Through a competitive process focused on U.S. land-grant universities, Ohio State's Office of International Programs in Agriculture was awarded funding from the USDA to host the four researchers. The goal of the FEP program is to bring university instructors of agricultural economics and agribusiness management from the former Soviet Union and Eastern Europe to the U.S. to upgrade their technical subject knowledge, improve their teaching skills, and develop course material for use at their home institutions. Based on FEP guidelines, participants in the program spend 85 to 90 percent of their time observing classes and engaging with faculty on campus and 10 to 15 percent of their time on field trips, in seminars or workshops, and at Extension offices to learn from first-hand engagement in the field.
The four Ukrainian researchers hail from several institutions in the Ukraine: the National University of Life and Environmental Sciences of the Ukraine; Sumy National Agrarian University; and Kharkiv Petro Vasylenko National Technical University of Agriculture.
More than halfway through, the participants have only good things to say about the experience thus far: “Through participation in this program I have developed a new understanding of the different approaches to teaching agriculture in a university. I’ve been exposed to so many new ideas and opportunities,” noted Oksana Makarchuk.

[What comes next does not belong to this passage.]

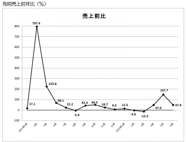 6月の免税総売上高は、約66億円で前年同月比47.9%増となった。売上高の内訳として、一般物品は約59億円で72.1%増加したものの、消耗品は約7億円で33.0%減だった。
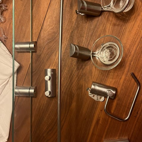 Set från Miller med badrumstillbehör bestående av en väggmonterad glashylla med kromade fästen samt två väggmonterade hållare med vita koppar/behållare i keramik och dubbelhållare till handdukar. Samtliga delar är i kromfärgad metall med rundade väggfästen. Avsett för montering på vägg i badrum för förvaring av exempelvis hygienartiklar, tandborstar, handdukar och toalettborste.

“Participation in the FEP program has allowed me to become acquainted with the American style of teaching agriculture. For me, our field trips have been very beneficial to learn firsthand. Our classes and field trips complement each other and as a result we have new professional skills and methods of teaching,” continued Inna Mazii.
While at Ohio State, the researchers hope to further develop their knowledge of topics such as agrarian policy, agri-insurance, agri-marketing, economic analysis, food safety, food security, statistics, and sustainability. The participants are attending classes such as AEDE’s principles of agribusiness management, marketing, and finance. They are also observing AEDE’s courses in farm management, human resources, and benefit-cost analysis.
The researchers have found the wide array of resources and networks available to AEDE’s faculty and students to be extremely beneficial. Olha Ostroverkh notes, “Ohio State students often have the opportunity to engage with guest speakers in their classes, to discuss practical issues with them and ask questions. This is new to me and a very valuable part of the classroom experience.”
Additionally, AEDE faculty have lined up a great selection of site visits for the researchers, both in Ohio and throughout the country. In addition to visiting local farms and agribusinesses, the participants attended the Agricultural & Applied Economics Association (AAEA) annual meeting in Washington D.C. and the Farm Science Review near London, Ohio. They have also visited the Chicago Board of Trade and will soon depart on a two-week trip to the Southwestern United States to visit universities and agribusinesses in the region.
To Nataliia Gerasymenko these field trips have proved to be a highly successful component of the program: “A great part of our experience has been the farm and agribusiness visits. We recently stayed for several days on a farm in Ohio. We visited the local farmers market, harvested soybeans, learned about soybean and corn production from the farmers, and we visited a local seed company.”
The participants will return to the Ukraine in early December, bringing with them a wealth of new knowledge and ideas.